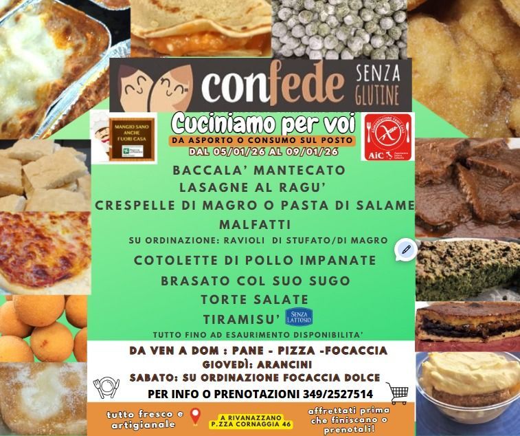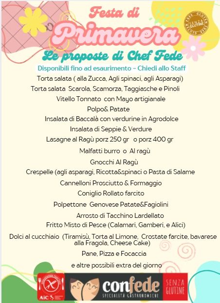 Ogni giorno pane, pizza e focaccia e tante proposte di gastronomia, dall'antipasto al dolce, sono preparate da chef Fede con materie prime di qualità esclusivamente senza glutine, garantendo l'impossibilità di contaminazione crociata perché realizzate nel laboratorio artigianale dedicato.
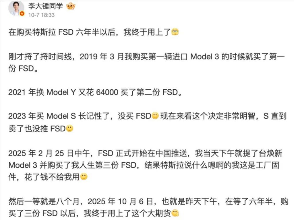 就目前来看,特斯拉 FSD V14.1 仅面向北美用户。但值得关注的是,据博主 @李大锤同学透露,在连续购买三份 FSD 后,他今年 2 月提车的 Model 3 于 10 月 6 日终于通过升级至 V13.2.9 版本成功启用 FSD,实测功能完全可用。
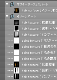 - 「Hair」パートを選択した状態で、「表面材質」ウインドウを表示します。先ほど設定したヘアテクスチャが反映されていることが確認できます。
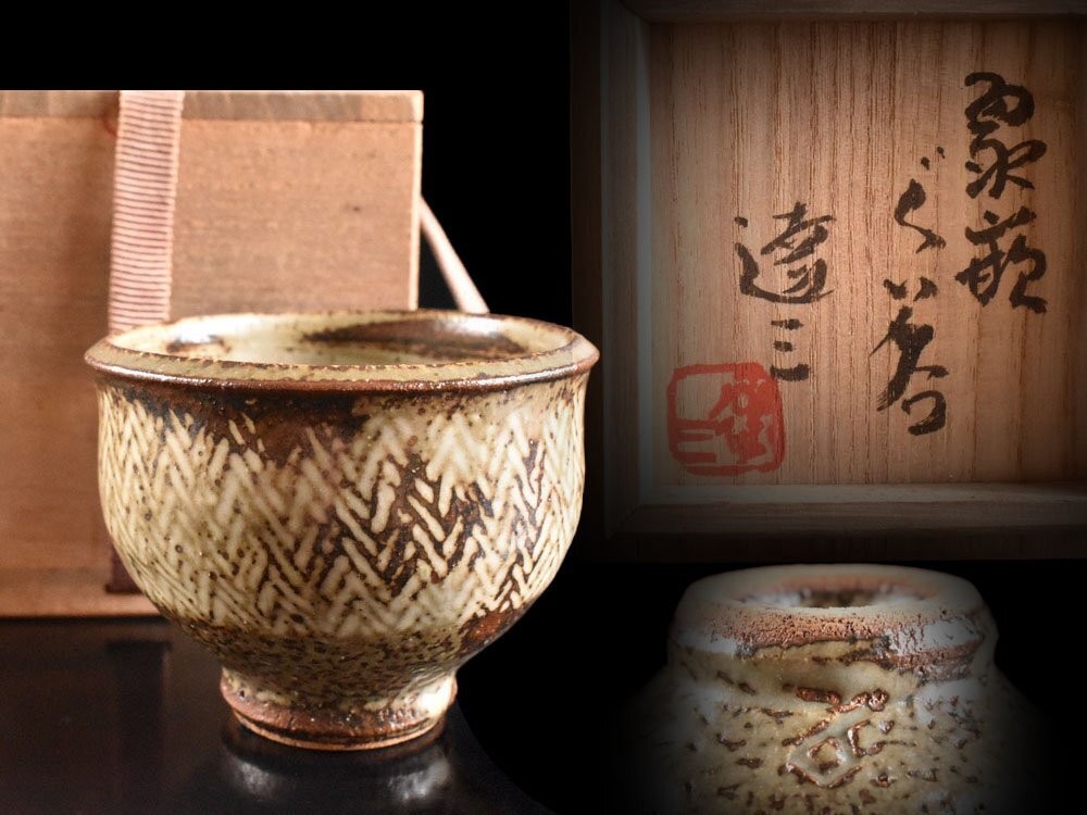 - 【雲】某有名資産家買取品 人間国宝 島岡達三 益子焼 象嵌 縄文 ぐい 共箱 古美術品(酒器 茶碗 茶道具)Y6883 CTDokjy
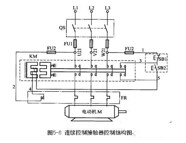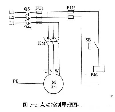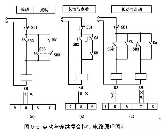 点动控制指需要电动机作短时断续工作时,只要按下按钮电动机就转动,松开按钮电动机就停止动作的控制。实现点动控制可以将点动按钮直接与接触器的线圈串联,电动机的运行时间由按钮按下的时间决定。点动控制是用按钮、接触器来控制电动机运转的最简单的正转控制线路,生产机械在进行试车和调整时通常要求点动控制,如工厂中使用的电动葫芦和机床快速移动装置、龙门刨床横梁的上、下移动,摇臂钻床立柱的夹紧与放松,桥式起重机吊钩、大车运行的操作控制等都需要单向点动控制。 01电气控制原理图 ![]() 想一想:点动! 连续运行怎么办? ![]() 在图5-4和5-5电路中,其主要原理是当按下按钮SB时,交流接触器的线圈KM得电,从而使接触器的主触点闭合,使三相电进入电动机的绕组,驱动电动机转动。松开SB时,交流接触器的线圈失电,使接触器的主触点断开,电动机的绕组断电而停止转动。实际上,这里的交流接触器代替了闸刀或组合开关使主电路闭合和断开的。 02电路控制动作过程 (1)启动:先合上电源开关QS,按下按钮SB→交流接触器KM线圈得电→KM主触点闭合→电动机M转动。 (2)停止:松开按钮SB→交流接触器KM线圈失电→KM主触点断开→电动机M停止。 03电动机的转动特点 按下SB,电动机转动;松开SB,电动机停止转动,即点一下SB,电动机转动一下,故称之为点动控制。 02三相异步电动机单方向连续控制线路 生产机械连续运转是最常见的形式,要求拖动生产机械的电动机能够长时间运转。三相异步电动机自锁控制是指按下按钮SB2,电动机转动之后,再松开按钮SB2,电动机仍保持转动。其主要原因是交流接触器的辅助触点维持交流接触器的线圈长时间得电,从而使得交流接触器的主触点长时间闭合,电动机长时间转动。这种控制应用在长时连续工作的电动机中,如车床、砂轮机等。 01电气控制结构图和原理图 点动控制电路中加自锁(保)触点 KM,则可对电动机实行连续运行控制。电路工作原理:在电动机点动控制电路的基础上给启动按钮SB2并联一个交流接触器的常开辅助触点,使得交流接触器的线圈通过其辅助触点进行自锁。当松开按钮SB2时,由于接在按钮SB2两端的KM常开辅助触头闭合自锁,控制回路仍保持通路,电动机M继续运转。电气控制原理如下图5-6、图5-7所示。 ![]() ![]() 想一想:点动+连续运行怎么办? 02动作过程 先合上电源开关QS。 (1)启动运行。按下按钮SB2→KM线圈得电→KM主触点和自锁触点闭合→电动机M启动连续正转。 (2)停车。按停止按钮SB1→控制电路失电→KM主触点和自锁触点分断→电动机M失电停转。 (3)过载保护。电动机在运行过程中,由于过载或其他原因,使负载电流超过额定值时,经过一定时间,串接在主回路中热继电器FR的热元件双金属片受热弯曲,推动串接在控制回路中的常闭触头断开,切断控制回路,接触器KM的线圈断电,主触头断开,电动机M停转,达到了过载保护的目的。 03三相异步电动机单方向点动与连续混合控制的控制电路 01连续与点动混合正转控制线路原理图 在生产实践过程中,机床设备正常工作需要电动机连续运行,而试车和调整刀具与工件的相对位置时,又要求“点动”控制。为此生产加工工艺要求控制电路既能实现“点动控制” 又能实现“连续运行”工作。 用途:试车、检修以及车床主轴的调整和连续运转等。 方法一:用开关,如图5-8a。 方法二:用复合按钮,如图5-8b。 方法三:用中间继电器,如图5-8c。 ![]() 其主电路和连续控制电路相同。 02用复合按钮实现连续与点动混合控制过程 如图5-8a所示,线路的动作过程:先合上电源开关QS,点动控制、长动控制和停止的工作过程如下。 (1)点动控制。按下按钮SB3→SB3常闭触点先分断(切断KM辅助触点电路)。SB3常开触点后闭合(KM辅助触点闭合)→KM线圈得电→KM主触点闭合→电动机M启动运转。 松开按钮SB3→SB3常开触点先恢复分断→KM线圈失电→KM主触点断开(KM辅助触点断开)后SB3常闭触点恢复闭合→电动机M停止运转,实现了点动控制。 (2)长动控制。按下按钮SB2→KM线圈得电→KM主触点闭合(KM辅助触点闭合)→电动机M启动运转。实现了长动控制。 (3)停止。按下停止按钮SB1→KM线圈失电→KM主触点断开→电动机M停止运转。 关键:断开自锁,实现点动;接通自锁,实现连续运转。 03线路优缺点 线路简单,但动作不够可靠。 请读者自行分析图5-8b和5-8c的工作过程。 除了点动控制电路,在工作中,还会用到各种电路,比如:起保停电路、自锁控制电路、正反转控制电路、降压启动控制电路、启停控制电路等等... 今天游老师就手把手教大家上述电路的看图接线 ![]() 电路图搭配实物图,一边讲原理,一边对照实物接线 ![]() 之后再测试接线结果,确保实操的准确性 |
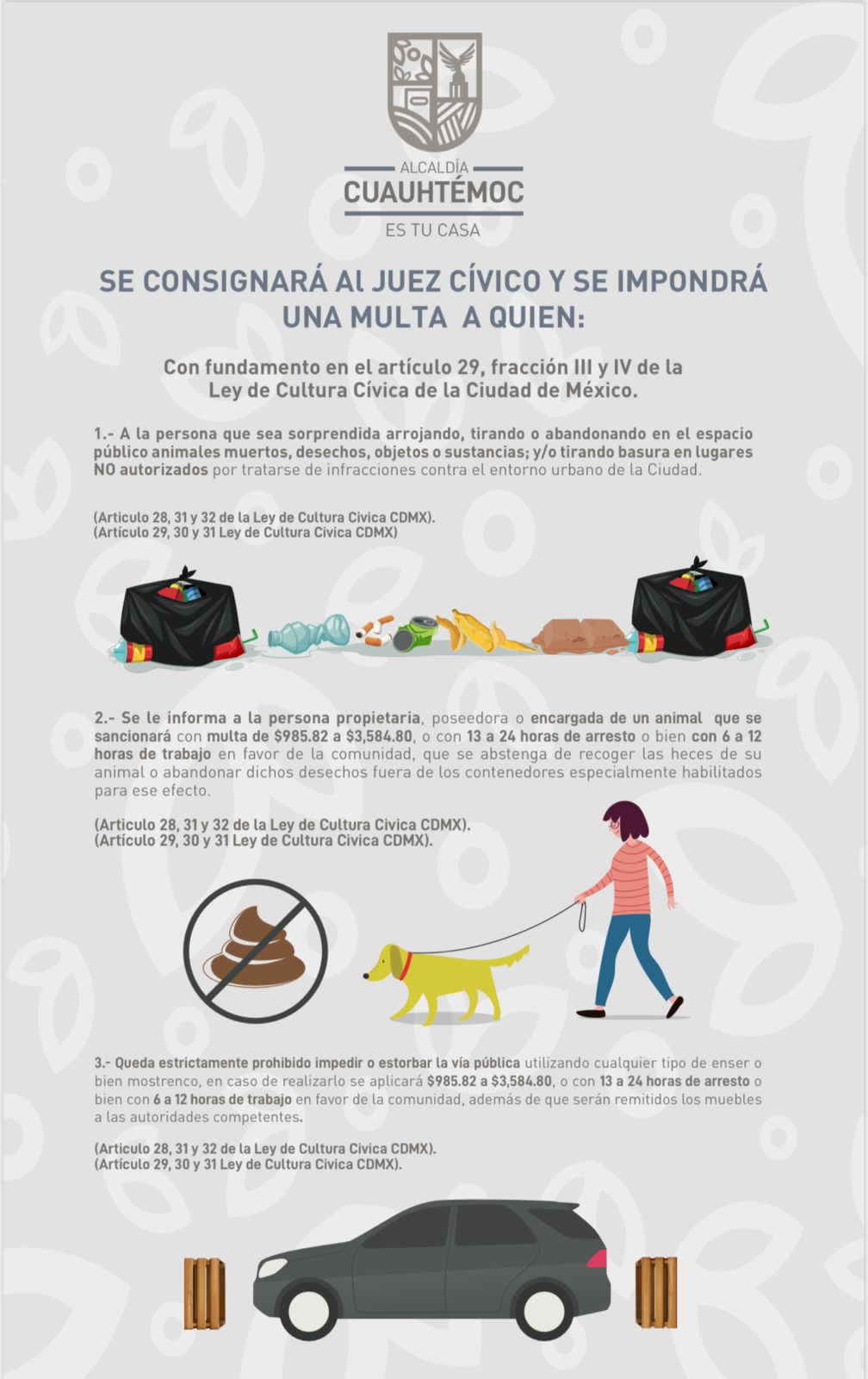 La campaña “Limpiando Cuauhtémoc” implica tres mensajes básicos que establecen que se consignará al Juez Cívico y se impondrá una multa a quien:
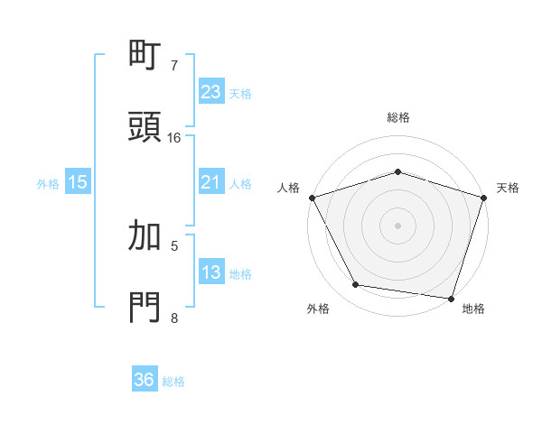 町頭 加門さんの地格は13画の5点!
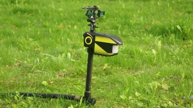 Ці водяні розбризкувачі підключені до проточній воді і влучно стріляють у всіх, що зробили замах на заборонену територію.
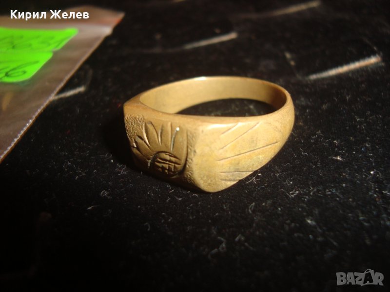 РЕТРО БРОНЗОВ ПРЪСТЕН с ПЕЧАТ за ЗЛАТО 585 14К СТАРО ДУБЛЕ ДАМСКИ ОРНАМЕНТИРАН 13631
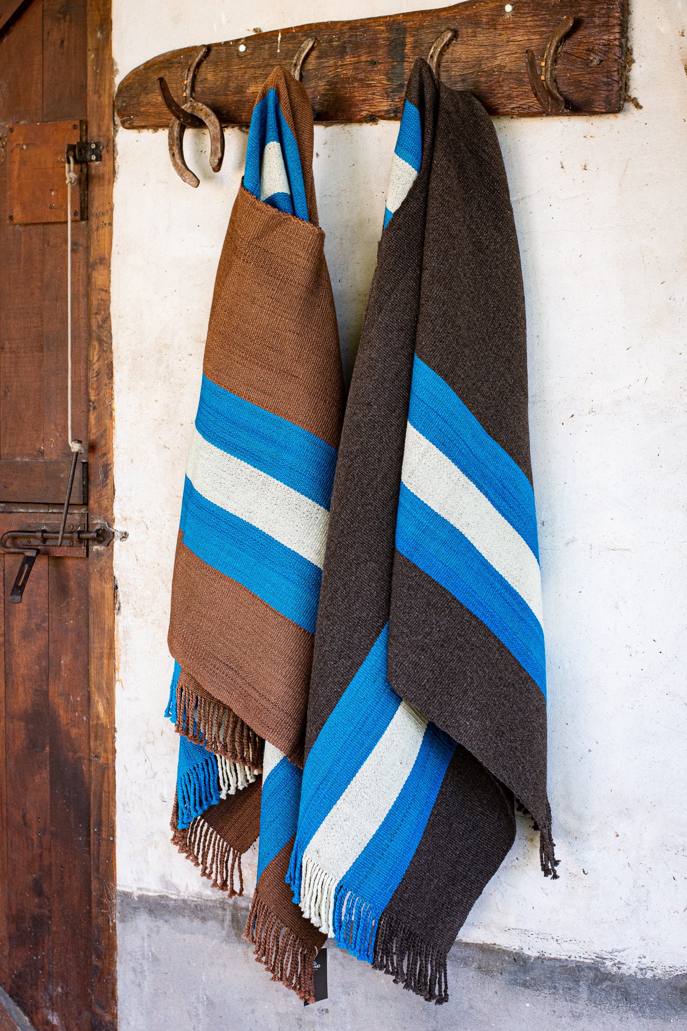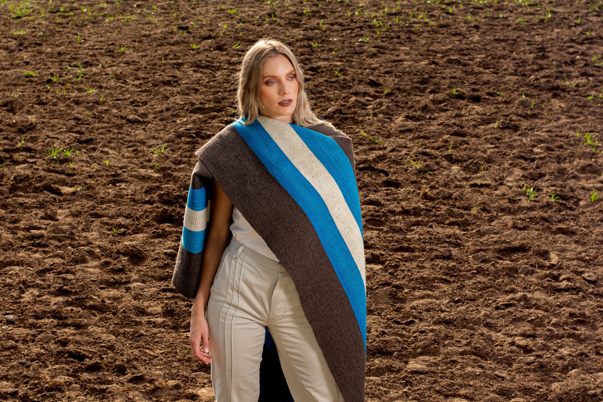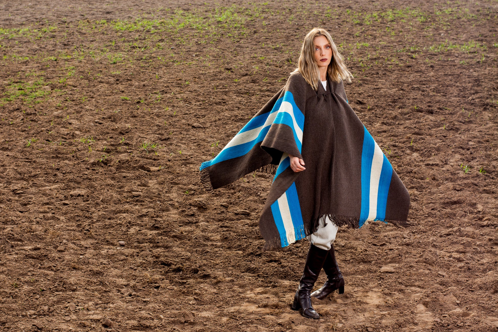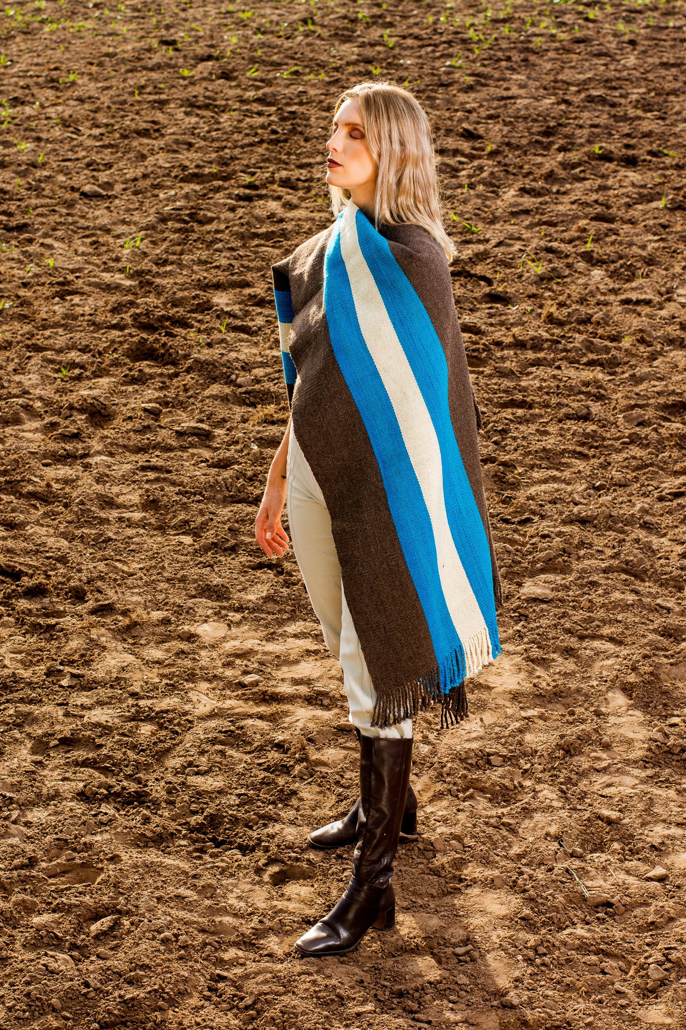 El poncho es una pieza única tejido artesanalmente en telar criollo, de alta densidad de trama cerrada y liviana en dos paños color Gris Noche natural
----------------------------------------
§ **PROBLEM REQUIREMENTS**:
Copy back, word for word, every line between the top of the material above and the line that contains "- 【雲】某有名資産家買取品 人間国宝", both included, without any pictures.

§ **FINAL ANSWER**:
 Ogni giorno pane, pizza e focaccia e tante proposte di gastronomia, dall'antipasto al dolce, sono preparate da chef Fede con materie prime di qualità esclusivamente senza glutine, garantendo l'impossibilità di contaminazione crociata perché realizzate nel laboratorio artigianale dedicato.
 就目前来看,特斯拉 FSD V14.1 仅面向北美用户。但值得关注的是,据博主 @李大锤同学透露,在连续购买三份 FSD 后,他今年 2 月提车的 Model 3 于 10 月 6 日终于通过升级至 V13.2.9 版本成功启用 FSD,实测功能完全可用。
 - 「Hair」パートを選択した状態で、「表面材質」ウインドウを表示します。先ほど設定したヘアテクスチャが反映されていることが確認できます。
 - 【雲】某有名資産家買取品 人間国宝 島岡達三 益子焼 象嵌 縄文 ぐい 共箱 古美術品(酒器 茶碗 茶道具)Y6883 CTDokjy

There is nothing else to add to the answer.